The same email stated the union hadn’t taken a position on a reopening model. But just a day later, after news emerged that the district had been planning to bring kindergartners back four to five times a week, Matter said trust had been broken because the district hadn’t informed teachers ahead of time. She released the statement opposing the hybrid reopening model the same weekend as DeVos and Trump made threats about withholding funding if schools did not open.

In the same union survey, 27% of respondents said they do not have the technology necessary to do their jobs remotely.

A survey of Seattle parents in the spring found most preferred that their children return to school in a hybrid model, according to the district, but most respondents were white families, who make up less than half of SPS enrollment.

To turn a new page in the fall, school engagement with families of color and recent immigrant communities — deficient even in pre-pandemic times — needs to improve, said Selam Misgano, a community engagement specialist at the University of Washington who has been helping connect Ethiopean parents to resources since spring. 

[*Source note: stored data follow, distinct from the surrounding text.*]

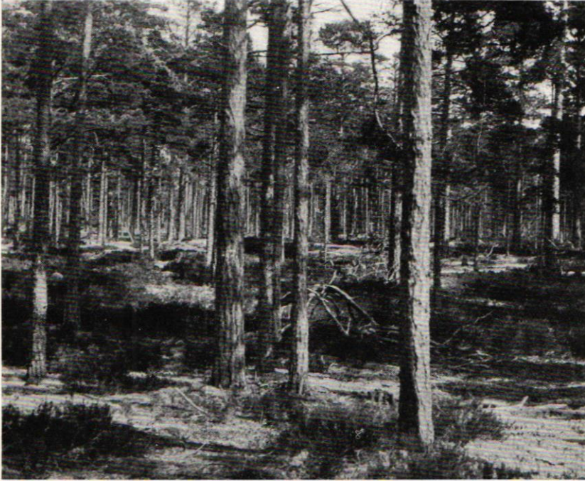
Abb. 14. Gotska Sandön, lichter Kiefernwald, Sandboden mit Cladonia , Calluna usw.: ein Biotop des Toxochernes nigrimanus (Ellingsen).

genus fehlen solche. Hinsichtlich der Dimension der Pedipalpenglieder finden sich deutliche Unterschiede vor: bei T. nigrimanus ist das Femur beim ♂♀ ca. 2,6 mal, die Tibia beim ♂♀ ca. 2,1 mal und die Schere (ohne Stiel) beim ♂ 2,8 mal bzw. beim ♀ 2,9 mal so lang wie breit (bei T. montigenus sind die entsprechenden Werte: 2,8—2,9, 2,2—2,3 und 2,7—2,8; die Pedipalpen des ♀
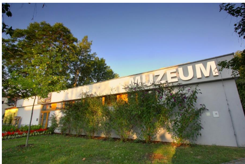
Budova MMG pod vodárnou.
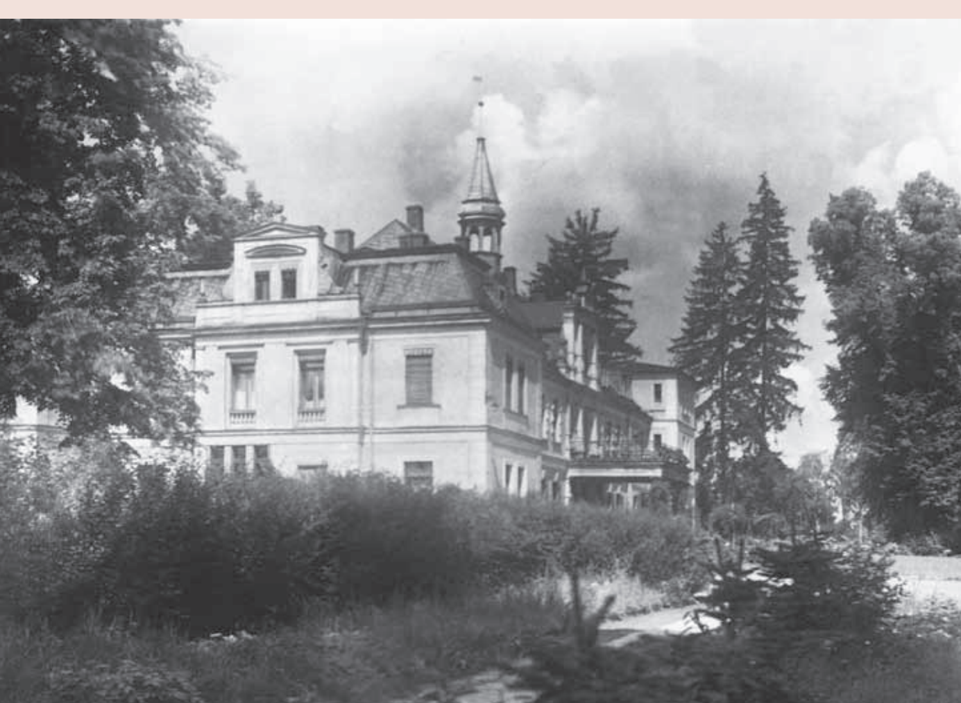
Замок Кобервітц, червень 1924 р.
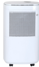
AIR DEHUMIDIFIER CR 7851
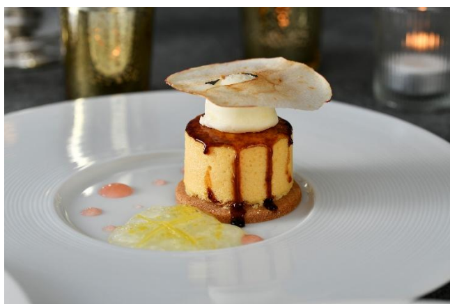
リンゴのシブースト レモンジュレとバニラアイス添えて
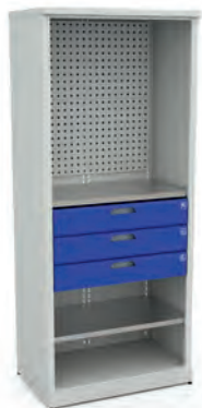
Шкаф для инструментов ERGO XM 07
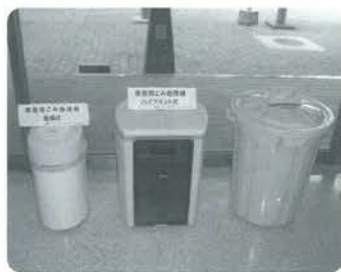
生ごみ処理機を展示しています
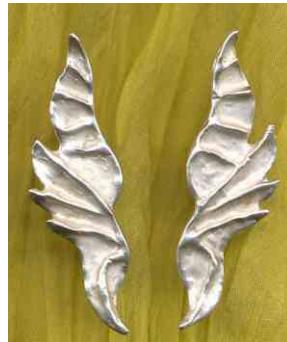
Ohrstecker Elfenflügel Silber Paar € 240,- auch einzeln
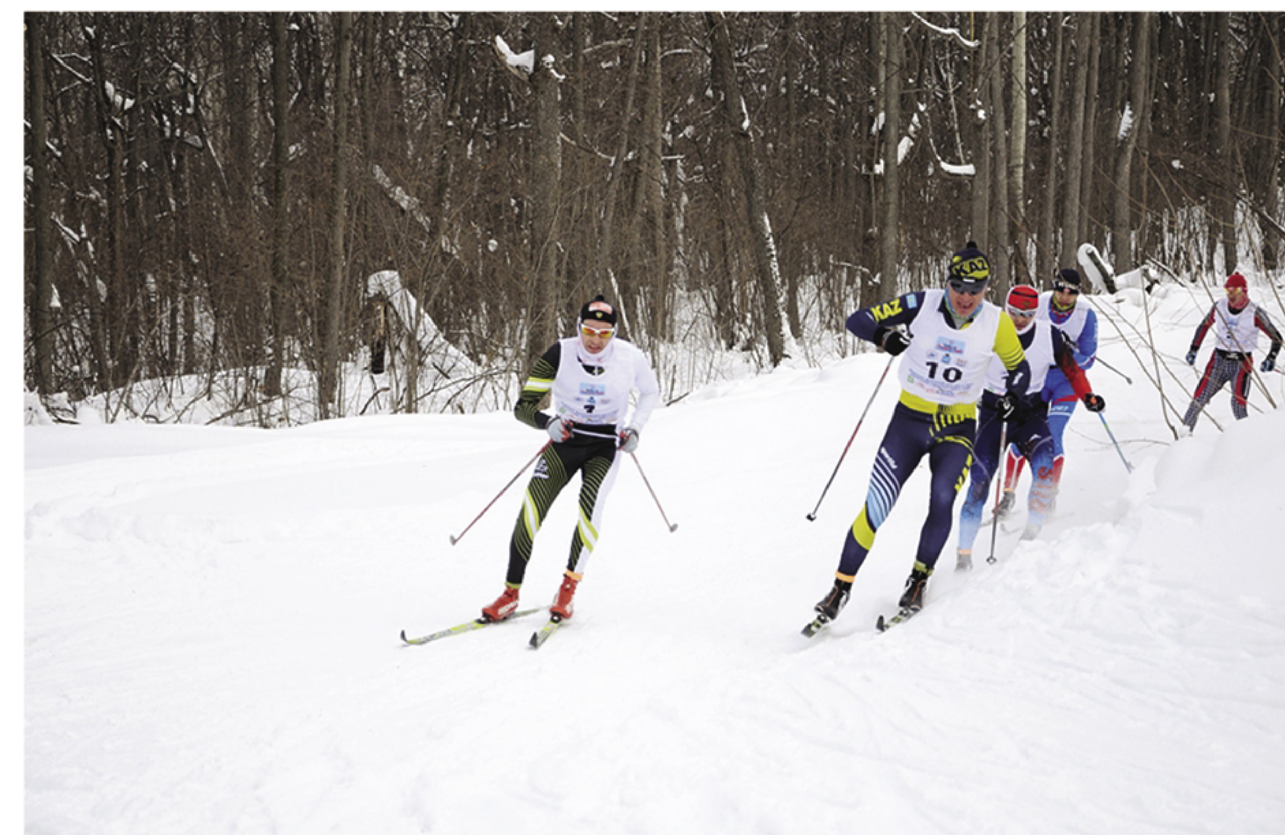
Лидеры лыжного марафона «Соколы Горы 2015» на опасном повороте

Лыжная трасса для марафона имеет достаточно привлекательный, разнообразный рельеф с набором высоты на 50 км – 475 м. Спуски прямые и открытые. Участникам стоит быть особо внимательными в районе 14 км дистанции, где имеется резкий разворот влево в конце спуска.

In-person communication or phone calls are the best for families whose primary language isn’t English, she said. Parents used to chat with teachers when they dropped their kids off at school. As districts began relying even more on written communication and email surveys, it has left some parents even more in the dark.

“When you have parents who don’t feel confident in how they engage with the school you’re gonna have kids who struggle and fall behind because they don’t have the support system,” said Misgano. 

The best step schools can take under the current circumstances is to call parents more, she said, and offer more regular opportunities to speak to teachers through interpreters.